---- Records to use

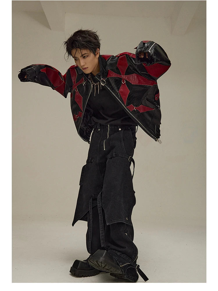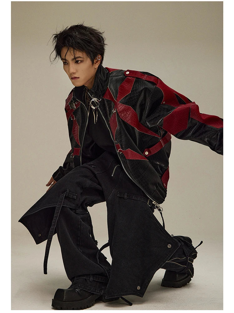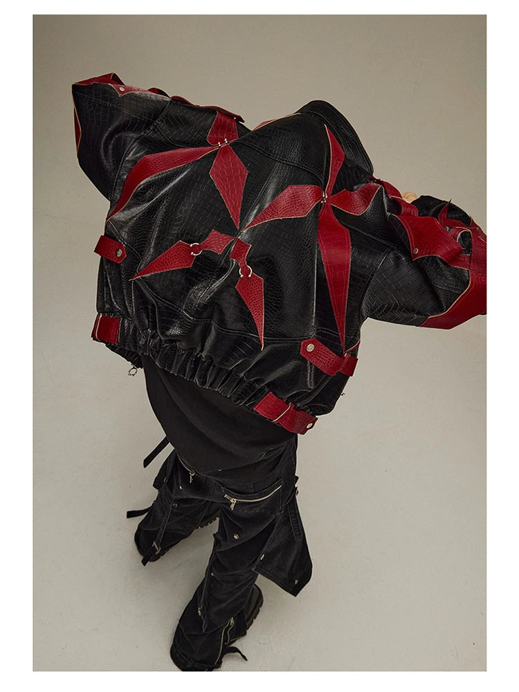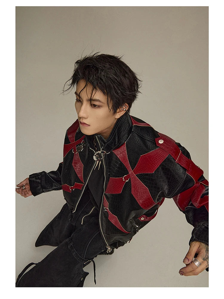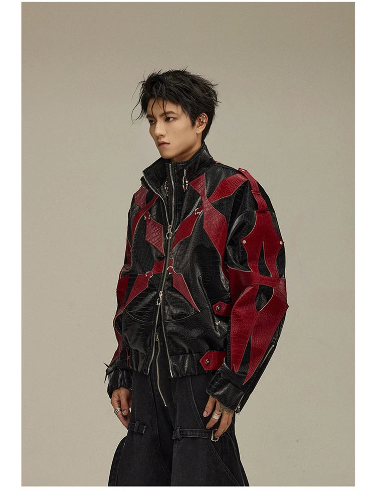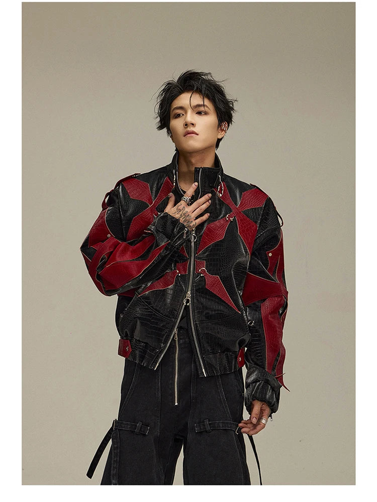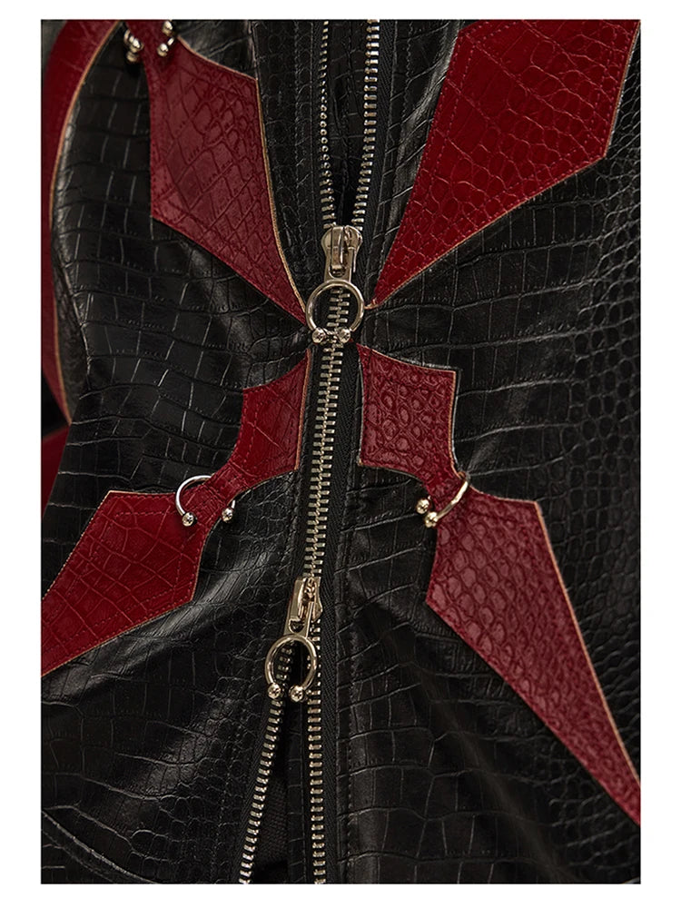 Turn heads like a future rockstar with this Men’s Crocodile Faux Leather Jacket. Made from high-quality faux crocodile leather, this black jacket features bold red cross appliqués and edgy septum-style rivets for a look that’s totally unique. The front zipper closes all the way up to form a cool turtle-neck style, while the ruched trim and sleeves add a punch of punk attitude.
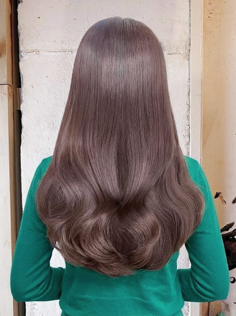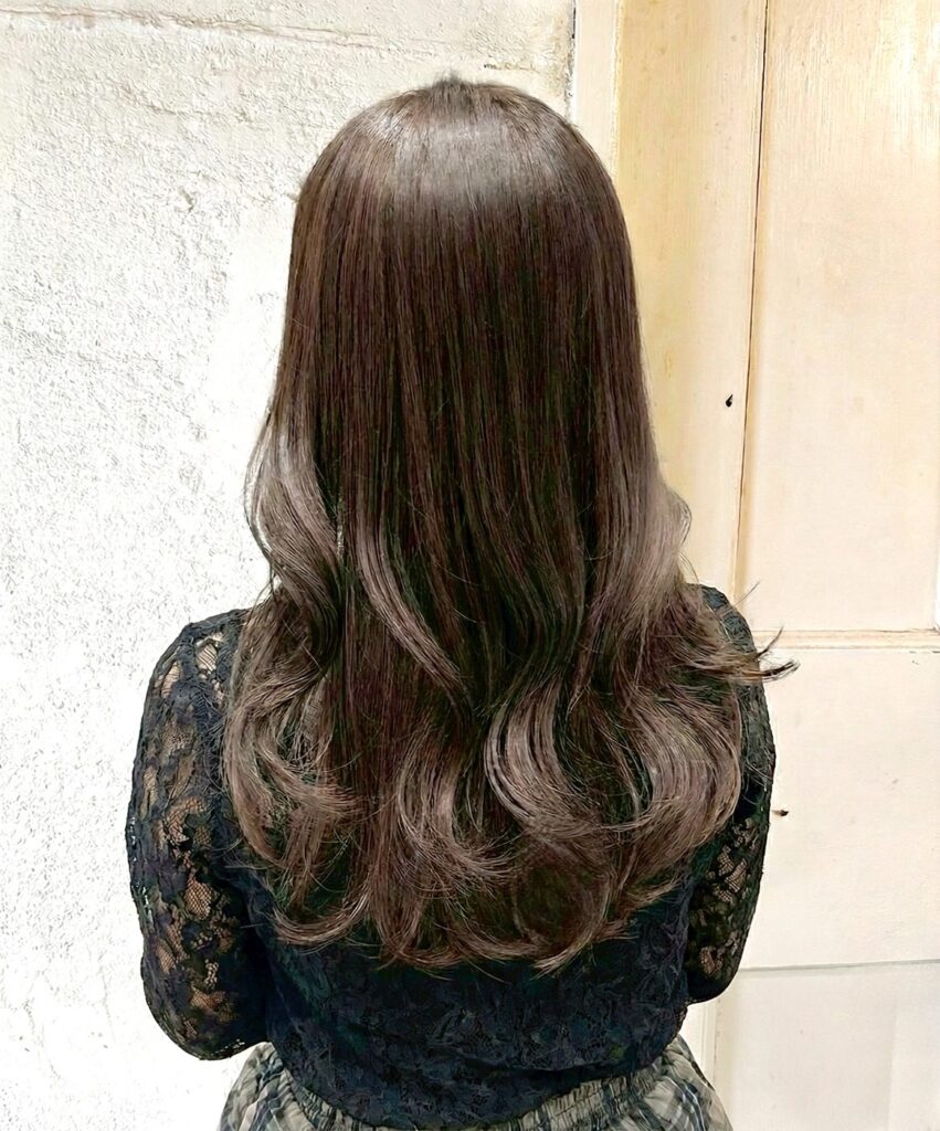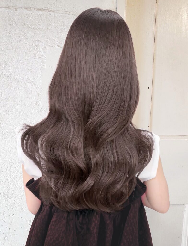 透明感あるくすみカラーと丸みのあるカールが相まって、上品かつトレンド感のあるロングスタイルになります。
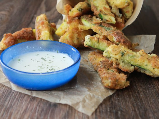 3. Serve fried zucchini strips hot with ranch dressing for dipping.
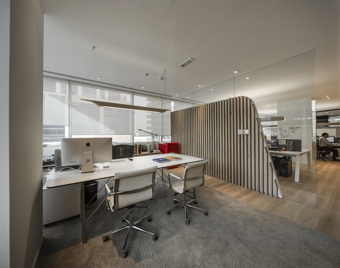 此外,自定義的燈掛在整個(gè)辦公室,可以根據(jù)*終用戶個(gè)性化。設(shè)計(jì)師整合背后隱藏的門廚房。由于沒(méi)有窗戶,它的內(nèi)部被設(shè)計(jì)成一個(gè)小咖啡店,考慮到一個(gè)溫暖的氣氛(在墻上的瓷磚,鵝卵石地板磚,更經(jīng)典的廚房單元,咖啡桌)??傮w而言,這個(gè)項(xiàng)目已經(jīng)取得了一個(gè)正確的平衡空間,材料和功能,考慮到的挑戰(zhàn),其結(jié)果正是客戶所期待的:一個(gè)友好的工作環(huán)境與觸摸的“哇效果”的游客。
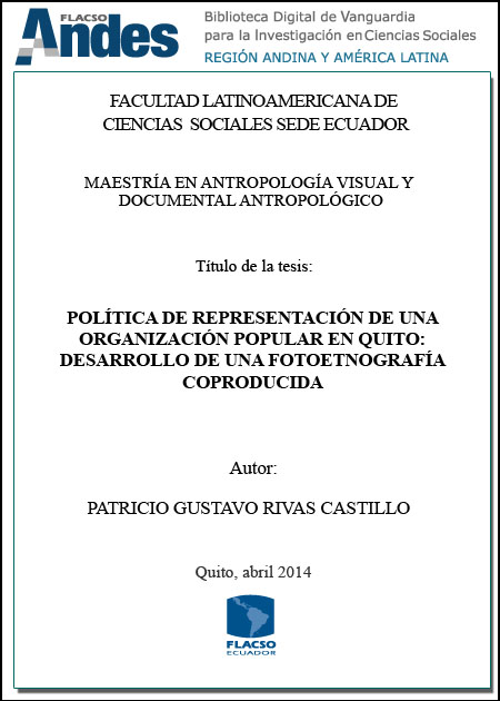 Rivas Castillo, Patricio Gustavo. 2014. Política de representación de una organización popular en Quito: Desarrollo de una fotoetnografía coproducida. Tesis de maestría, Flacso sede Ecuador.
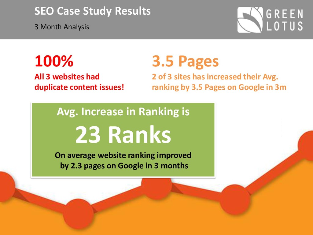 of 3 sites has increased their Avg. ranking by 3.5 Pages on Google in 3m 100% All 3 websites had duplicate content issues! Avg. Increase in Ranking is 23 Ranks On average website ranking improved by 2.3 pages on Google in 3 months
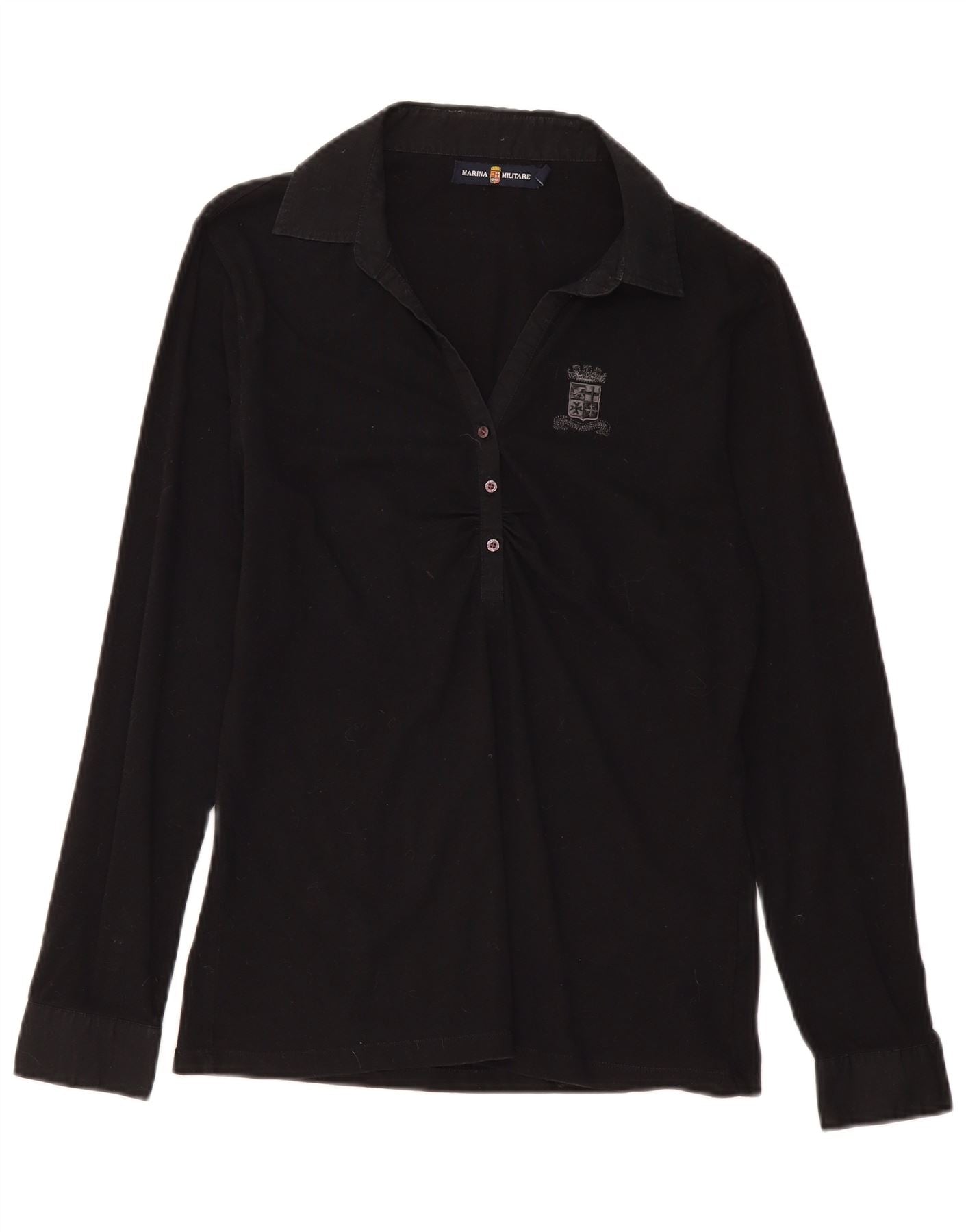 MARINA MILITARE Γυναικείο μακρυμάνικο μπλουζάκι πόλο UK 18 XL μαύρο βαμβακερό
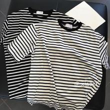 小耳实拍 经典条纹 胖mm柔软棉质女大版大码宽松短袖打底t恤
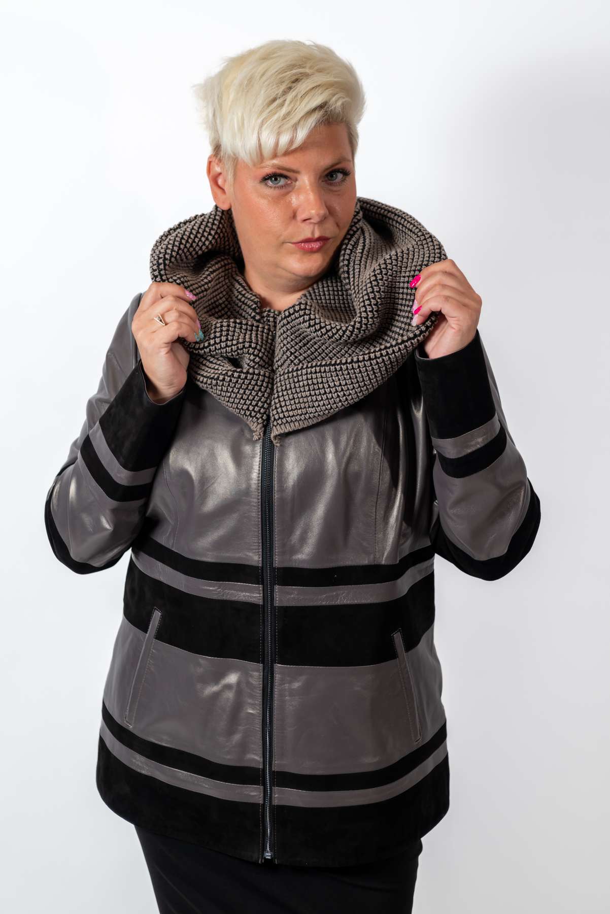 Women's leather jacket Karina exudes elegance and comfort in one. Infuse style into your everyday life with the Karina leather jacket, created for women who value quality and a sophisticated look. Made of soft high-quality natural lambskin, it provides unparalleled comfort and durability.The sporty-elegant design with a unique knitted collar/hood and a sophisticated color combination in gray pearl mink with black accents makes it easy to combine with both casual and more elegant outfits.The length of the Karina leather jacket offers a balance between style and practicality, and the convenient zipper closure and light warm lining guarantee comfort at all times. A suitable outerwear for the spring-autumn season and warm winter.
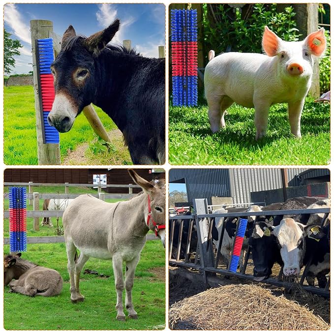 - Easy to Install: With the included screws and nuts, these livestock scratching brushes can be easily installed on stumps, fence posts, and other suitable places to prevent livestock from rubbing against valuable fences, equipment, or buildings.

--------

Exercise ▸ Pictures must not appear in the copy, which must otherwise match the listing exactly.

Response area ▸
 Turn heads like a future rockstar with this Men’s Crocodile Faux Leather Jacket. Made from high-quality faux crocodile leather, this black jacket features bold red cross appliqués and edgy septum-style rivets for a look that’s totally unique. The front zipper closes all the way up to form a cool turtle-neck style, while the ruched trim and sleeves add a punch of punk attitude.
 透明感あるくすみカラーと丸みのあるカールが相まって、上品かつトレンド感のあるロングスタイルになります。
 3. Serve fried zucchini strips hot with ranch dressing for dipping.
 此外,自定義的燈掛在整個(gè)辦公室,可以根據(jù)*終用戶個(gè)性化。設(shè)計(jì)師整合背后隱藏的門廚房。由于沒(méi)有窗戶,它的內(nèi)部被設(shè)計(jì)成一個(gè)小咖啡店,考慮到一個(gè)溫暖的氣氛(在墻上的瓷磚,鵝卵石地板磚,更經(jīng)典的廚房單元,咖啡桌)??傮w而言,這個(gè)項(xiàng)目已經(jīng)取得了一個(gè)正確的平衡空間,材料和功能,考慮到的挑戰(zhàn),其結(jié)果正是客戶所期待的:一個(gè)友好的工作環(huán)境與觸摸的“哇效果”的游客。
 Rivas Castillo, Patricio Gustavo. 2014. Política de representación de una organización popular en Quito: Desarrollo de una fotoetnografía coproducida. Tesis de maestría, Flacso sede Ecuador.
 of 3 sites has increased their Avg. ranking by 3.5 Pages on Google in 3m 100% All 3 websites had duplicate content issues! Avg. Increase in Ranking is 23 Ranks On average website ranking improved by 2.3 pages on Google in 3 months
 MARINA MILITARE Γυναικείο μακρυμάνικο μπλουζάκι πόλο UK 18 XL μαύρο βαμβακερό
 小耳实拍 经典条纹 胖mm柔软棉质女大版大码宽松短袖打底t恤
 Women's leather jacket Karina exudes elegance and comfort in one. Infuse style into your everyday life with the Karina leather jacket, created for women who value quality and a sophisticated look. Made of soft high-quality natural lambskin, it provides unparalleled comfort and durability.The sporty-elegant design with a unique knitted collar/hood and a sophisticated color combination in gray pearl mink with black accents makes it easy to combine with both casual and more elegant outfits.The length of the Karina leather jacket offers a balance between style and practicality, and the convenient zipper closure and light warm lining guarantee comfort at all times. A suitable outerwear for the spring-autumn season and warm winter.
 - Easy to Install: With the included screws and nuts, these livestock scratching brushes can be easily installed on stumps, fence posts, and other suitable places to prevent livestock from rubbing against valuable fences, equipment, or buildings.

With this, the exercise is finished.